To do:
A faithful copy of all the entries is required, with no pictures in it.

Provided data:
>>>
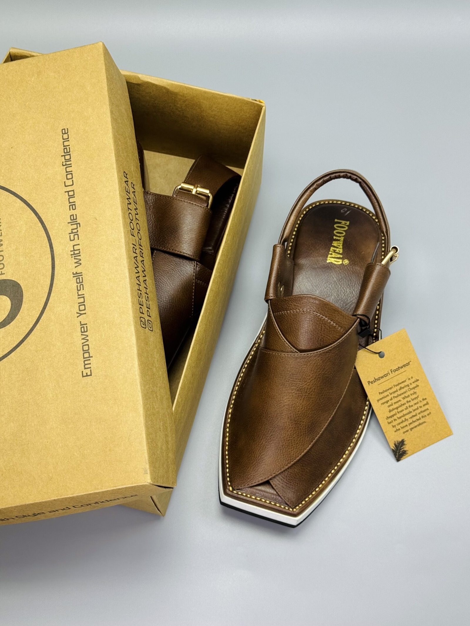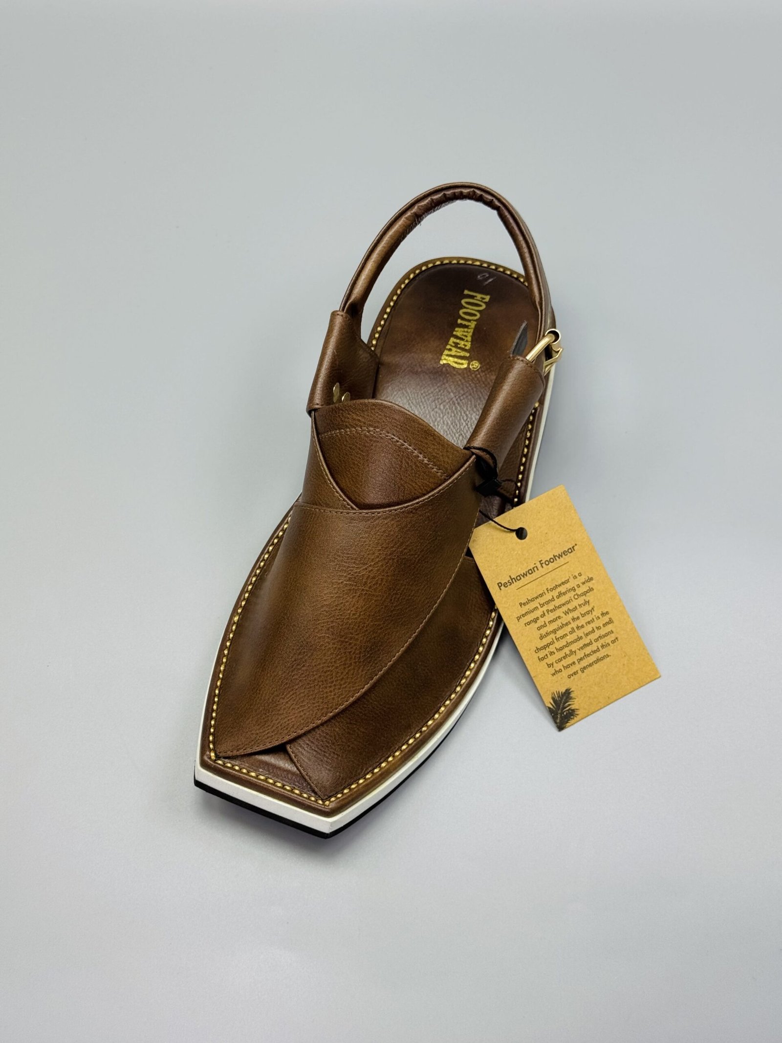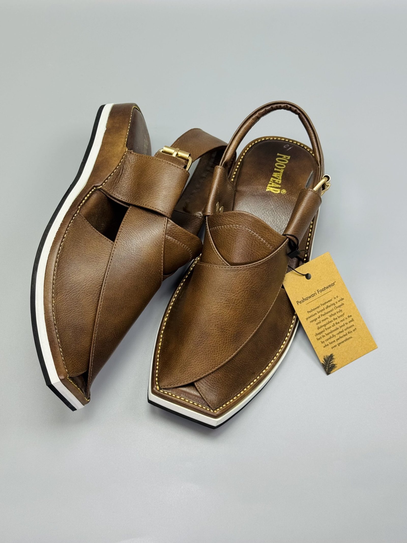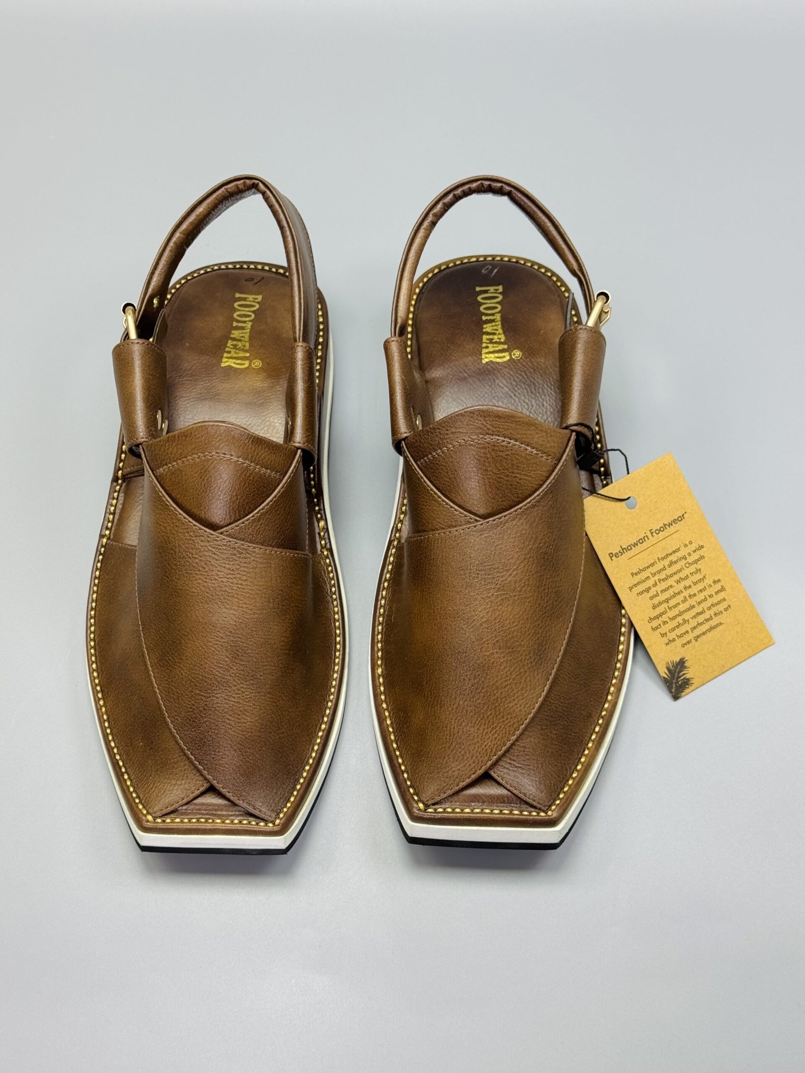 Men’s Peshawari Chappal 004US Experience timeless tradition blended with modern comfort. Our is crafted with pure, high-quality leather is crafted with pure, high-quality leather and finished with a stylish white sole, giving it a unique and elegant look suitable for both traditional and casual wear.
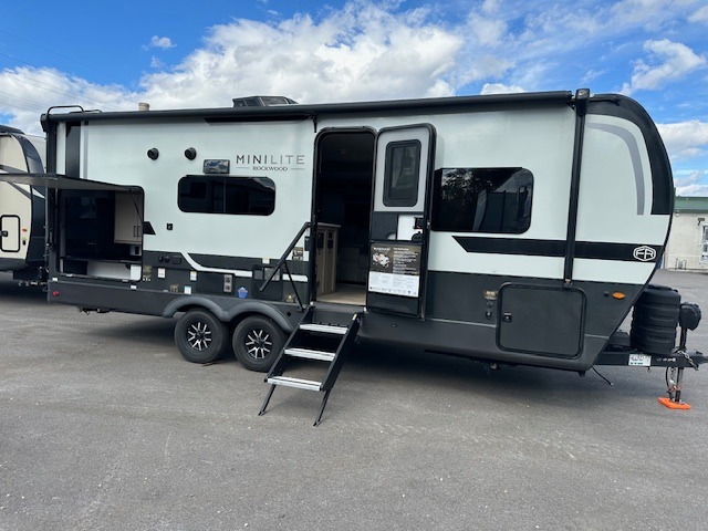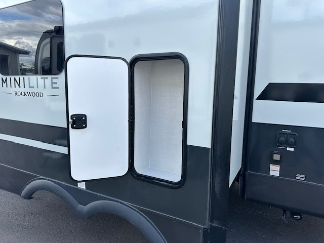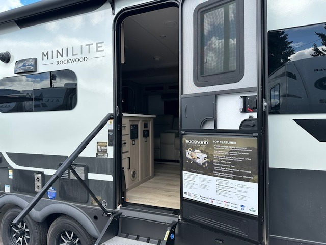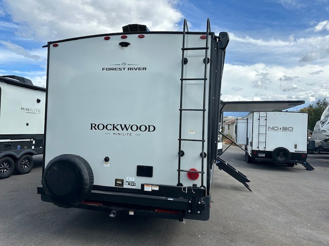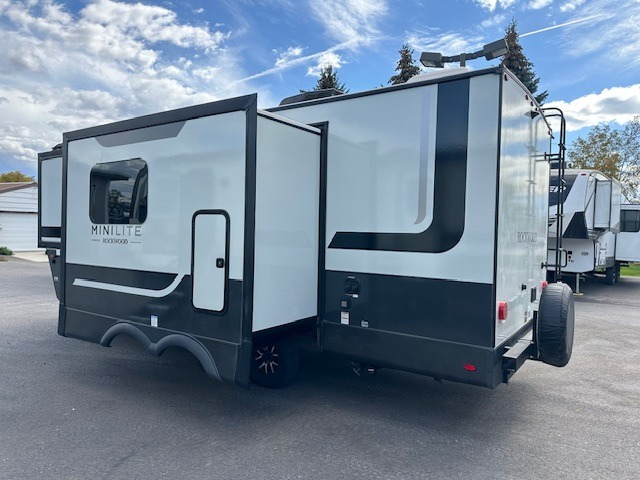 Each Rockwood Mini Lite travel trailer by Forest River is constructed with a fully laminated one-piece walkable roof, sleek frameless windows, and a six-sided full aluminum frame for strength and durability. The 12V thermostatically controlled heated tanks, plus radiant foil in the underbelly will allow you to camp well into the colder months, and the 200W roof solar panel will be perfect for a little off-gridding. Each model includes solid surface kitchen countertops, hidden hinge cabinet doors, roller shades, plus many more interior features. Having an AIR 360+ omnidirectional antenna with WiFi prep on board gives you the option to get some work done if it's needed, and the power tongue jack provides hassle-free set up, so you can enjoy more time relaxing!
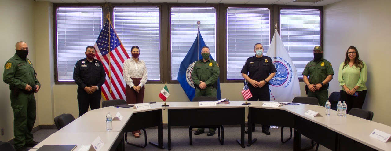 En la reunión estuvieron presentes, Gregory K. Bovino, Jefe de Sector de Patrulla Fronteriza, Sergio Beltrán Director de la Garita Fronteriza, Travis S. Darling, Jefe Adjunto de Patrulla Fronteriza.
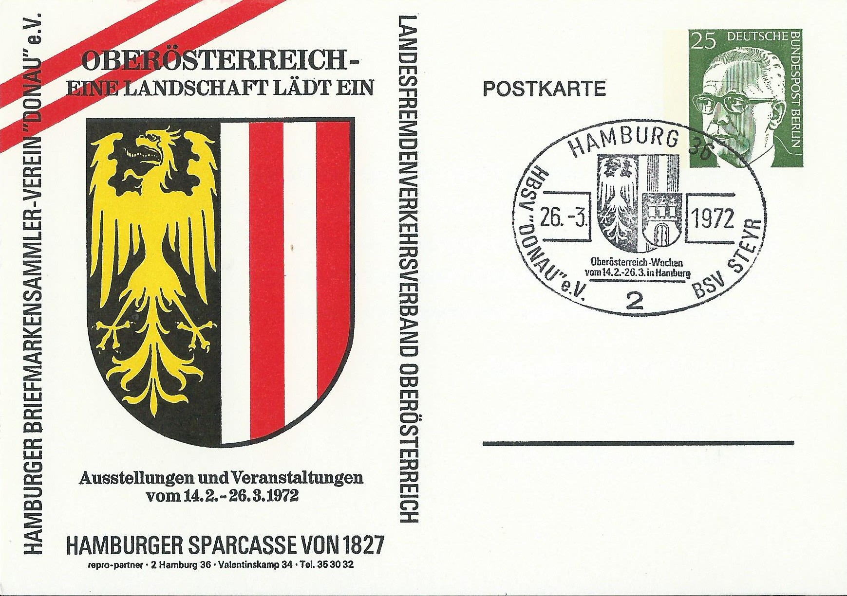 hier eine Ganzsache mit dem Wertstempel Heinemann zu 25 Pf. Im linken Feld ist ein Schmuckzudruck vom Hamburger Briefmarkensammler-Verein „Donau“ e. V., daher vermute ich mal, dass es sich um eine Privatganzsache handelt. Leider liegt mir der entsprechende Katalog nicht vor, so dass ich das nur raten kann. Gestempelt wurde mit dem passenden Veranstaltungs-Sonderstempel Hamburg am 26.3.72:
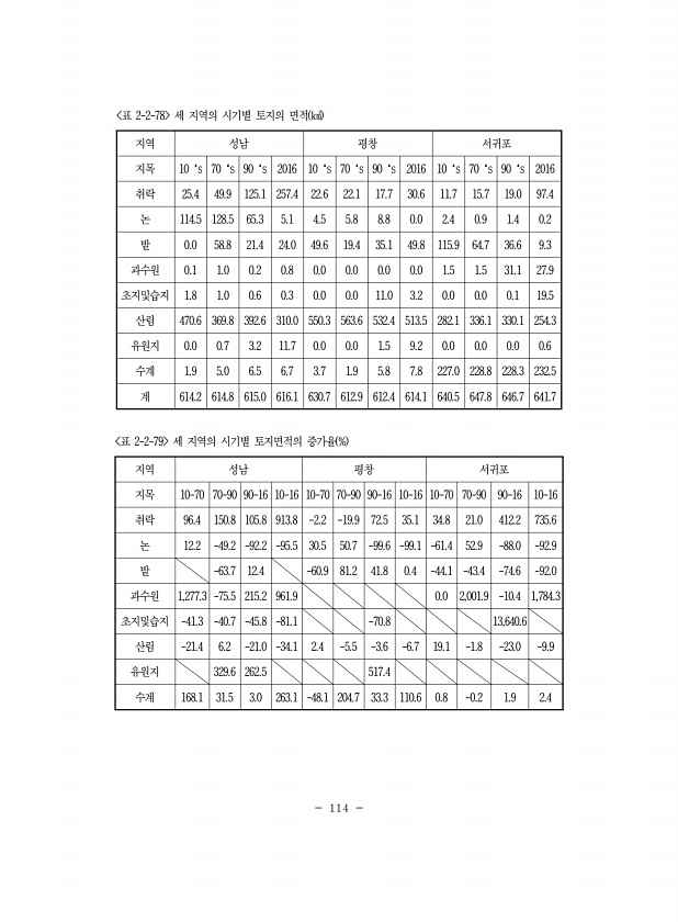 114 지역 성남 평창 서귀포 지목 10‘s 70‘s 90‘s 2016 10‘s 70‘s 90‘s 2016 10‘s 70‘s 90‘s 2016 취락 25.4 49.9 125.1 257.4 22.6 22.1 17.7 30.6 11.7 15.7 19.0 97.4 논 114.5 128.5 65.3 5.1 4.5 5.8 8.8 0.0 2.4 0.9 1.4 0.2 밭 0.0 58.8 21.4 24.0 49.6 19.4 35.1 49.8 115.9 64.7 36.6 9.3 과수원 0.1 1.0 0.2 0.8 0.0 0.0 0.0 0.0 1.5 1.5 31.1 27.9 초지및습지 1.8 1.0 0.6 0.3 0.0 0.0 11.0 3.2 0.0 0.0 0.1 19.5 산림 470.6 369.8 392.6 310.0 55...
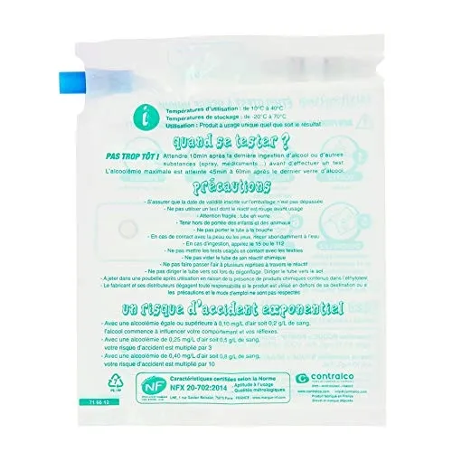 • Ethylotest certyfikowany zgodnie z normą NF x 20-702: 2014.
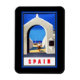 Vintage touristische und touristische Werbung für Spanien mit Architektur und einem Segelboot in Strandnähe. Ich fügte durchdacht entworfene, farbenfrohe grafische Gestaltungsgrenzen hinzu.
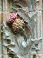 Ainsi, les angles, les arêtes, les linteaux, les soubassements, en somme tout ce qui appartient aux lignes de construction de l’édifice, sont recouverts de buissons de chardons, faussement menaçants, aux formes compliquées magnifiquement exploitées.
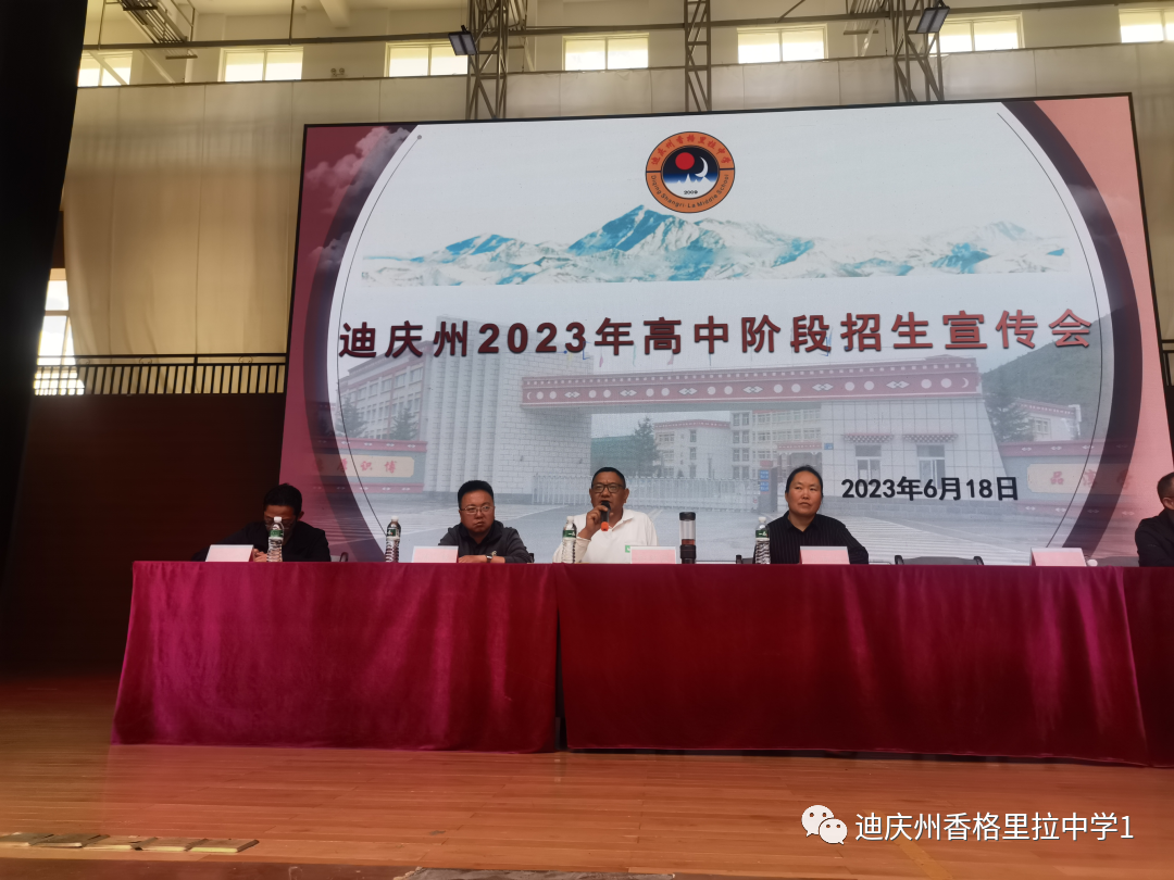 2023年6月18日14:30,迪庆州2023年高中阶段招生宣传会在迪庆州香格里拉中学体育馆举行。迪庆州教体局副局长肖丽琼、迪庆州香格里拉中学党委书记⻓张志云、迪庆州招生考试办公室负责人和延庆、迪庆州第一中学校长代兴宏、香格里拉职业学院招生处主任陈哲、迪庆州教体局人事科负责人吴晓斌、香格里拉市招办主任王江勇出席会议。香格里拉市初三毕业班师生及部分家长参加会议。会议内容主要是迪庆州教体局、迪庆州民族中等专业学校、香格里拉职业学院、迪庆州第一中学、迪庆州香格里拉中学的招生政策解读。
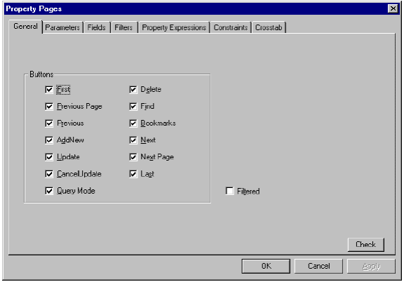 In the General property page check all the check boxes in the Buttons group. Close the property pages by clicking the OK button or by pressing Enter. This will save the changes you have just made for TDataLite1. You will see thirteen buttons appear on the TDataLite1 control.
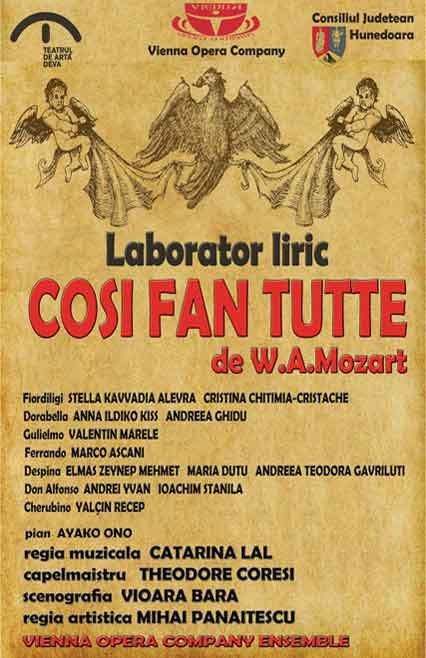 Este prima producție de operă a Teatrului de Artă Deva, inspirată de un caz real, în traducere ”Aşa fac toate” sau cu subtitlul ”Şcoala amanţilor”Vezi secvențe -
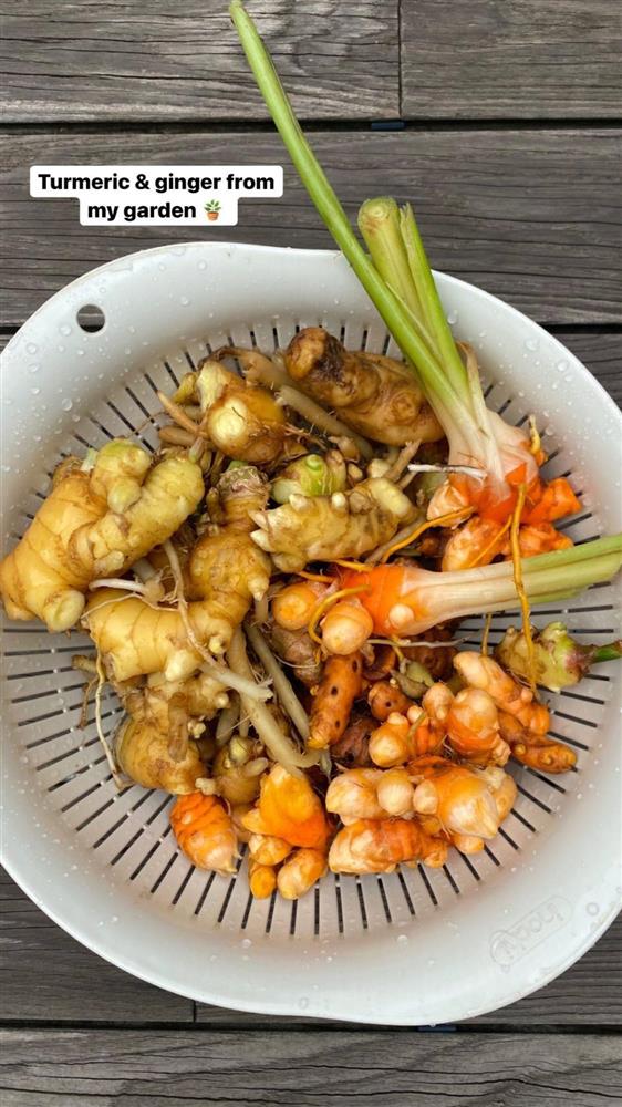 Không chỉ có rau xanh, Tăng Thanh Hà còn trồng được cả nghệ, gừng, sả.
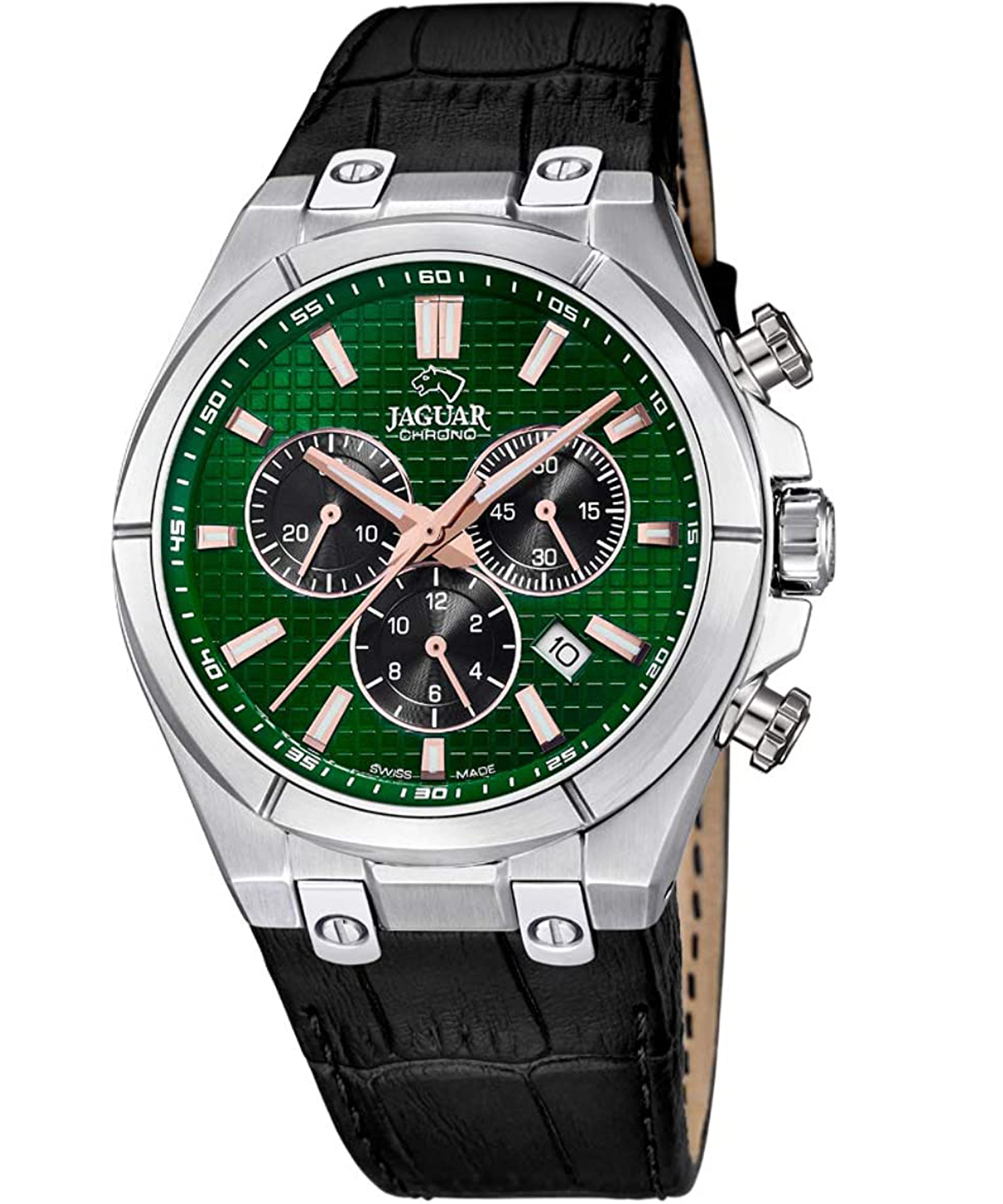 دسته: jaguar, آنالوگ, بند مشکی, تعداد موتور, جنس بند, جنس قاب, رنگ بند, رنگ صفحه, رنگ قاب, ساعت بر اساس برند, ساعت بر اساس جنسیت, سوییس, صفحه سبز, قاب نقره ای, مبدا برند, مردانه, نوع ساعت, یک موتور
<<<
Response to this exercise:
 Men’s Peshawari Chappal 004US Experience timeless tradition blended with modern comfort. Our is crafted with pure, high-quality leather is crafted with pure, high-quality leather and finished with a stylish white sole, giving it a unique and elegant look suitable for both traditional and casual wear.
 Each Rockwood Mini Lite travel trailer by Forest River is constructed with a fully laminated one-piece walkable roof, sleek frameless windows, and a six-sided full aluminum frame for strength and durability. The 12V thermostatically controlled heated tanks, plus radiant foil in the underbelly will allow you to camp well into the colder months, and the 200W roof solar panel will be perfect for a little off-gridding. Each model includes solid surface kitchen countertops, hidden hinge cabinet doors, roller shades, plus many more interior features. Having an AIR 360+ omnidirectional antenna with WiFi prep on board gives you the option to get some work done if it's needed, and the power tongue jack provides hassle-free set up, so you can enjoy more time relaxing!
 En la reunión estuvieron presentes, Gregory K. Bovino, Jefe de Sector de Patrulla Fronteriza, Sergio Beltrán Director de la Garita Fronteriza, Travis S. Darling, Jefe Adjunto de Patrulla Fronteriza.
 hier eine Ganzsache mit dem Wertstempel Heinemann zu 25 Pf. Im linken Feld ist ein Schmuckzudruck vom Hamburger Briefmarkensammler-Verein „Donau“ e. V., daher vermute ich mal, dass es sich um eine Privatganzsache handelt. Leider liegt mir der entsprechende Katalog nicht vor, so dass ich das nur raten kann. Gestempelt wurde mit dem passenden Veranstaltungs-Sonderstempel Hamburg am 26.3.72:
 114 지역 성남 평창 서귀포 지목 10‘s 70‘s 90‘s 2016 10‘s 70‘s 90‘s 2016 10‘s 70‘s 90‘s 2016 취락 25.4 49.9 125.1 257.4 22.6 22.1 17.7 30.6 11.7 15.7 19.0 97.4 논 114.5 128.5 65.3 5.1 4.5 5.8 8.8 0.0 2.4 0.9 1.4 0.2 밭 0.0 58.8 21.4 24.0 49.6 19.4 35.1 49.8 115.9 64.7 36.6 9.3 과수원 0.1 1.0 0.2 0.8 0.0 0.0 0.0 0.0 1.5 1.5 31.1 27.9 초지및습지 1.8 1.0 0.6 0.3 0.0 0.0 11.0 3.2 0.0 0.0 0.1 19.5 산림 470.6 369.8 392.6 310.0 55...
 • Ethylotest certyfikowany zgodnie z normą NF x 20-702: 2014.
 Vintage touristische und touristische Werbung für Spanien mit Architektur und einem Segelboot in Strandnähe. Ich fügte durchdacht entworfene, farbenfrohe grafische Gestaltungsgrenzen hinzu.
 Ainsi, les angles, les arêtes, les linteaux, les soubassements, en somme tout ce qui appartient aux lignes de construction de l’édifice, sont recouverts de buissons de chardons, faussement menaçants, aux formes compliquées magnifiquement exploitées.
 2023年6月18日14:30,迪庆州2023年高中阶段招生宣传会在迪庆州香格里拉中学体育馆举行。迪庆州教体局副局长肖丽琼、迪庆州香格里拉中学党委书记⻓张志云、迪庆州招生考试办公室负责人和延庆、迪庆州第一中学校长代兴宏、香格里拉职业学院招生处主任陈哲、迪庆州教体局人事科负责人吴晓斌、香格里拉市招办主任王江勇出席会议。香格里拉市初三毕业班师生及部分家长参加会议。会议内容主要是迪庆州教体局、迪庆州民族中等专业学校、香格里拉职业学院、迪庆州第一中学、迪庆州香格里拉中学的招生政策解读。
 In the General property page check all the check boxes in the Buttons group. Close the property pages by clicking the OK button or by pressing Enter. This will save the changes you have just made for TDataLite1. You will see thirteen buttons appear on the TDataLite1 control.
 Este prima producție de operă a Teatrului de Artă Deva, inspirată de un caz real, în traducere ”Aşa fac toate” sau cu subtitlul ”Şcoala amanţilor”Vezi secvențe -
 Không chỉ có rau xanh, Tăng Thanh Hà còn trồng được cả nghệ, gừng, sả.
 دسته: jaguar, آنالوگ, بند مشکی, تعداد موتور, جنس بند, جنس قاب, رنگ بند, رنگ صفحه, رنگ قاب, ساعت بر اساس برند, ساعت بر اساس جنسیت, سوییس, صفحه سبز, قاب نقره ای, مبدا برند, مردانه, نوع ساعت, یک موتور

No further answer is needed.